**Records for this task:**
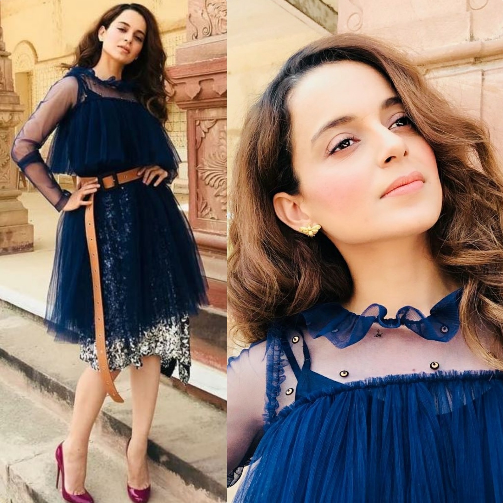 Kangana Ranaut was recently seen in two Looks. In the first look she was seen wearing a blue knee length dress with burgundy color pumps. Her look got finished off with open hair and mild makeup.
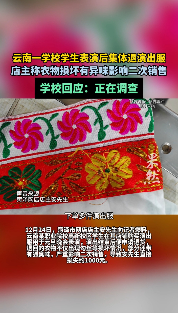 果然视频|云南一学校学生表演后集体退演出服,店主称衣物损坏还有异味!校方回应
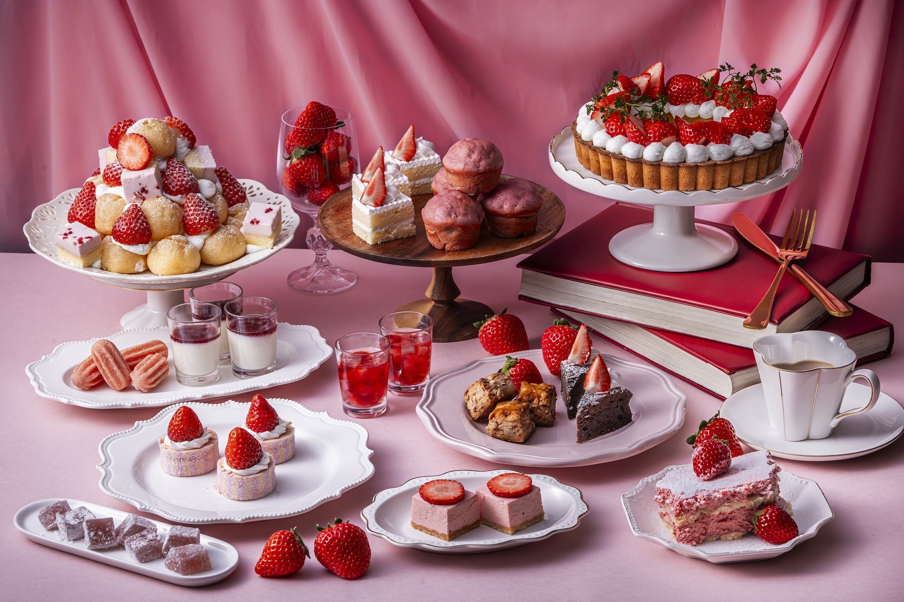 ガーデンビュッフェ「パインテラス」をはじめとする、ホテル内すべてのレストラン&バーにて、いちごを使用したメニューをご提供。デザートはもちろん、料理やカクテルなど、多彩なスタイルで旬のいちごをご堪能いただけます。
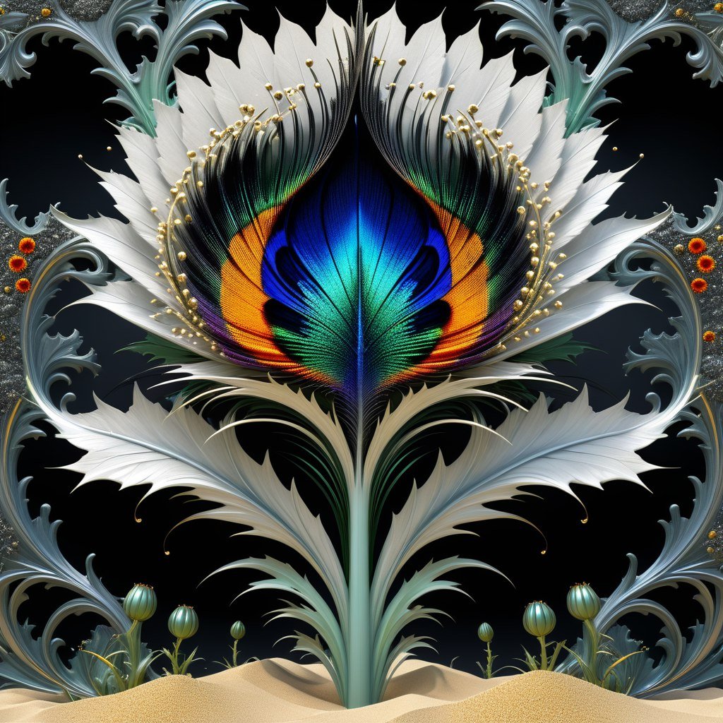 Завораживающее переплетение квантовой реальности и темной фантазии, где мироздание предстает в виде сложной многогранной конструкции. Это визуальная поэма о вечной архитектуре, вдохновленной природными формами – колючим чертополохом, роскошным павлином, нежным анемоном и экзотической ланиции. В основе лежит логистическая прогрессия, воплощенная в пространственной геометрии стихий: водной глади, зыбкого песка и разрушительного урагана. Творчество пронизано психотрансреализмом и нео-функциональностью, создавая ощущение погружения в мрачную ботанику, где космическая геометрия переплетается с иллюзорным отражением нирваны – ложной голограммой покоя. Эстетика проявляется в деталях: резные узоры на коже, нежная палитра оттенков мятно-серого, алого, черного и бежево-кремового. Использование материалов создает ощущение текучести жидкого стекла, переплетающегося с золотыми нитями, серебром, углеродом, маслом. Эта работа представляет собой погружение в многомерное пространство 5D с невероятно высоким уровнем детализации – 1024K пикселей, обеспечивающим максимальную реалистичность и захватывающий визуальный опыт. Это не просто изображение, а портал в альтернативную реальность, сотканную из света и тени, красоты и загадки, где границы между физическим и духовным миром стираются. В этой работе каждый элемент тщательно продуман и играет свою роль в создании неповторимой атмосферы тайны и величия
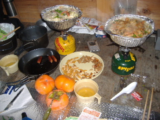 | そうなりゃ宴会♪(って、いつもジャン!(^^ゞ) 梅酒のお湯割りでかんぱ〜い!手軽にコンビニの鍋焼き(チャンポンと天ぷらうどん)。待つ間におつまみが無くなってしまいました^_^; あ〜ぁ、おすそ分け用に持ってきたのに・・・柿。 |
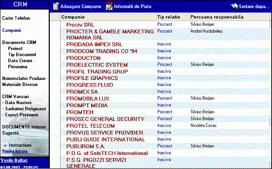 Accesand lista firmelor (Figura 2) operatorul vede rapid tipul relatiei cu firma si persoana responsabila din organizatie.
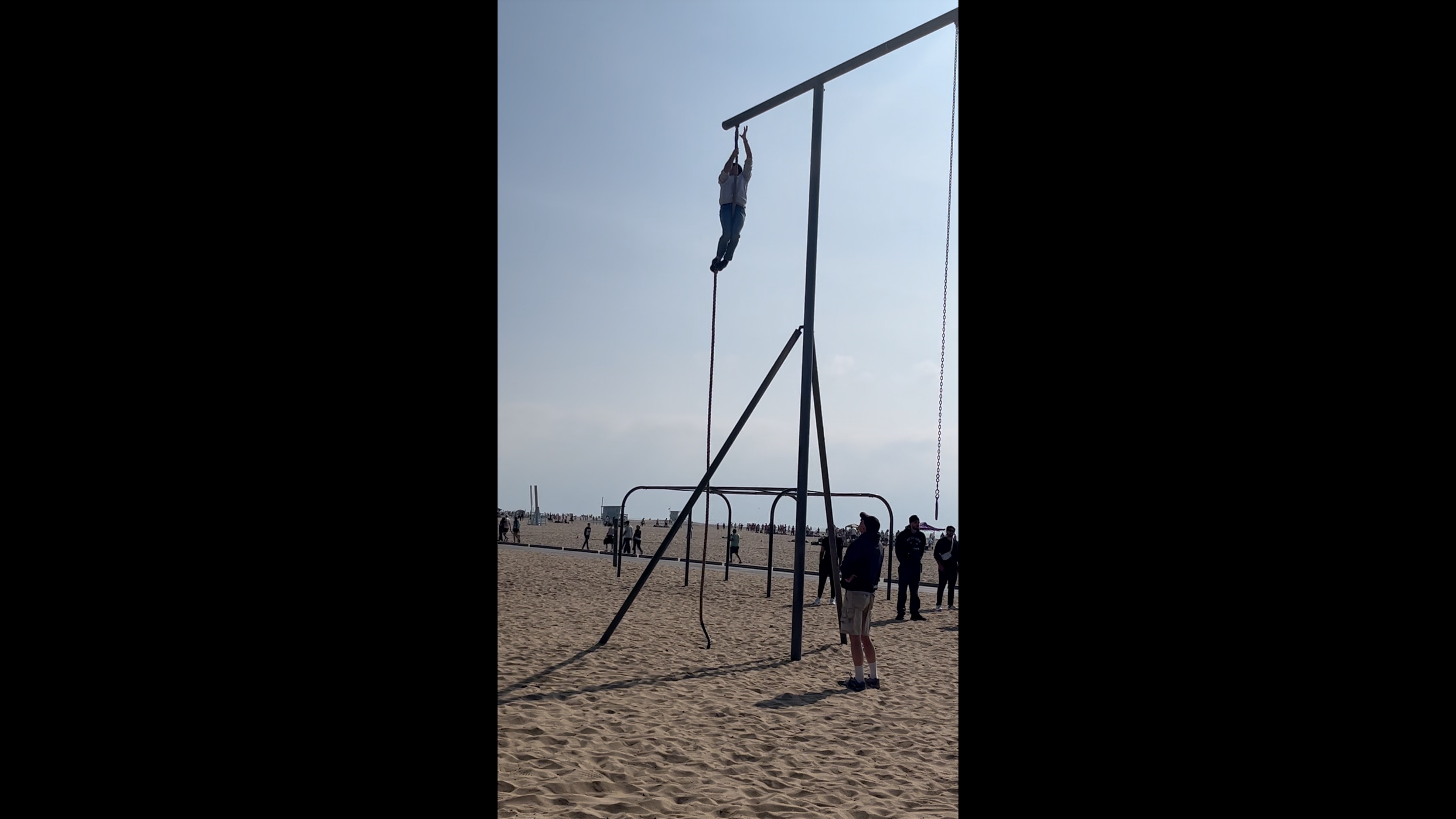Once we were done we rode back to muscle beach to have a play on the equipment. I climbed one of the two large ropes, the first time I climbed to within one meter of the top, decided that I was high enough, and then climbed back down. Another bloke then climbed all the way to the top and back down. Not to be out done I climbed up again and touched the top before coming back down. The other bloke who was climbing the rope had been coming down to climb them for 6 years as a part of his exercise program, he was pretty good. I then saw a group of people swinging on the rings and decided that that looked like fun. When I got there there was a bloke at one end chatting to a group of people I took the opportunity to have a quick go from the other end. I swung through the course and received a disapproving look from the bloke giving the talk. I think that maybe he was some type of fitness coach and that these were his rings and that I had just used them without instruction.
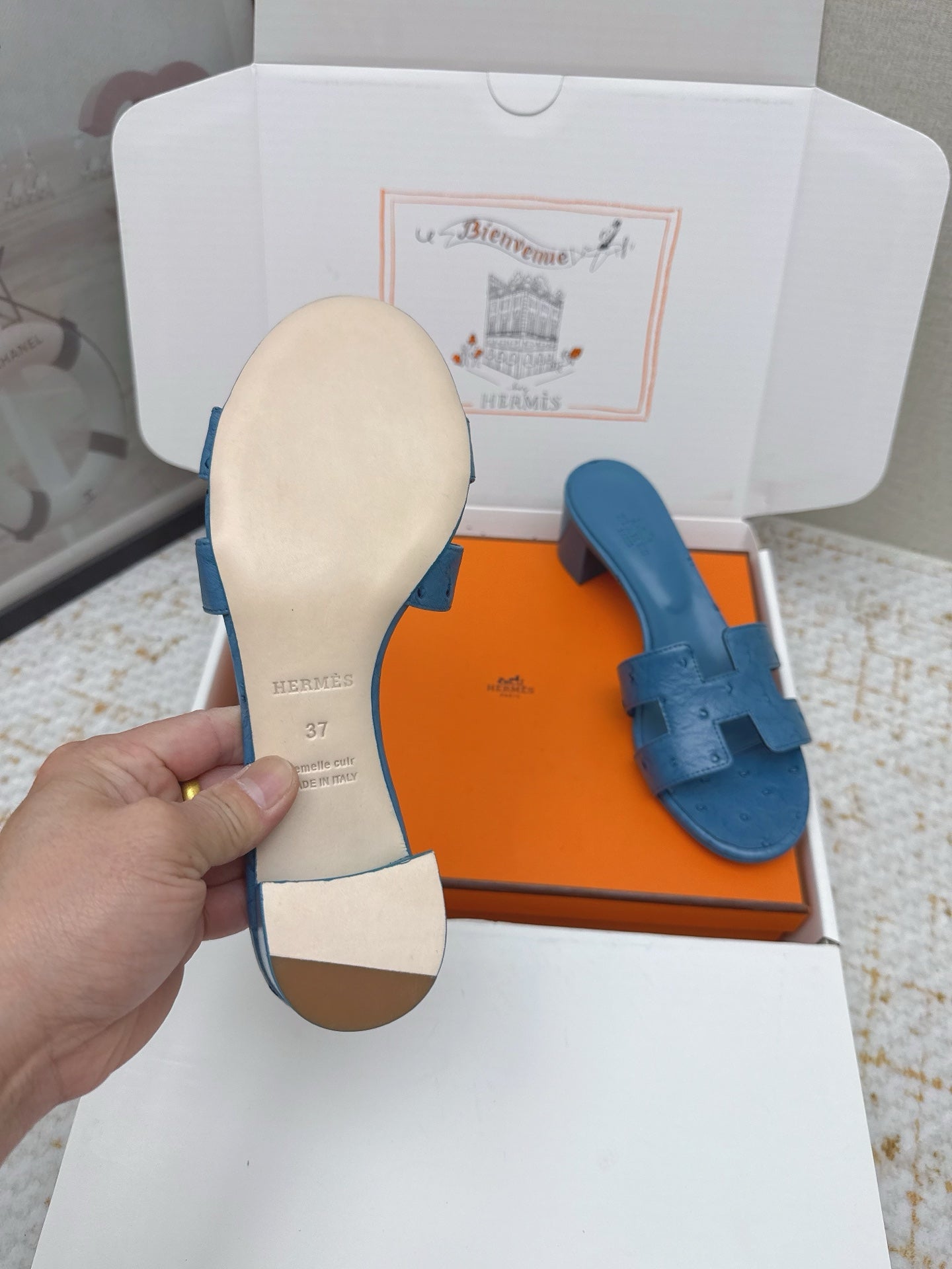 HM 26ss Oran Sandals 50 Blue Ostrich Leather 625127
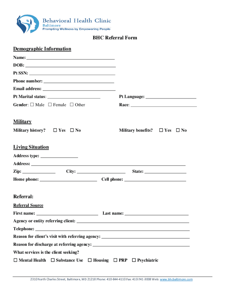 Get the free BHC Referral Form Demographic Information Military ...
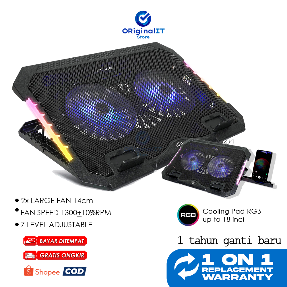 Cooling Pad Laptop 2 Fan RGB Kipas Laptop MTech S900 Coolingpad

**What needs to be done:** Could you repeat exactly the lines from the first one of the records above through the line containing "ガーデンビュッフェ「パインテ", leaving out any pictures?

**Exercise response:**
 Kangana Ranaut was recently seen in two Looks. In the first look she was seen wearing a blue knee length dress with burgundy color pumps. Her look got finished off with open hair and mild makeup.
 果然视频|云南一学校学生表演后集体退演出服,店主称衣物损坏还有异味!校方回应
 ガーデンビュッフェ「パインテラス」をはじめとする、ホテル内すべてのレストラン&バーにて、いちごを使用したメニューをご提供。デザートはもちろん、料理やカクテルなど、多彩なスタイルで旬のいちごをご堪能いただけます。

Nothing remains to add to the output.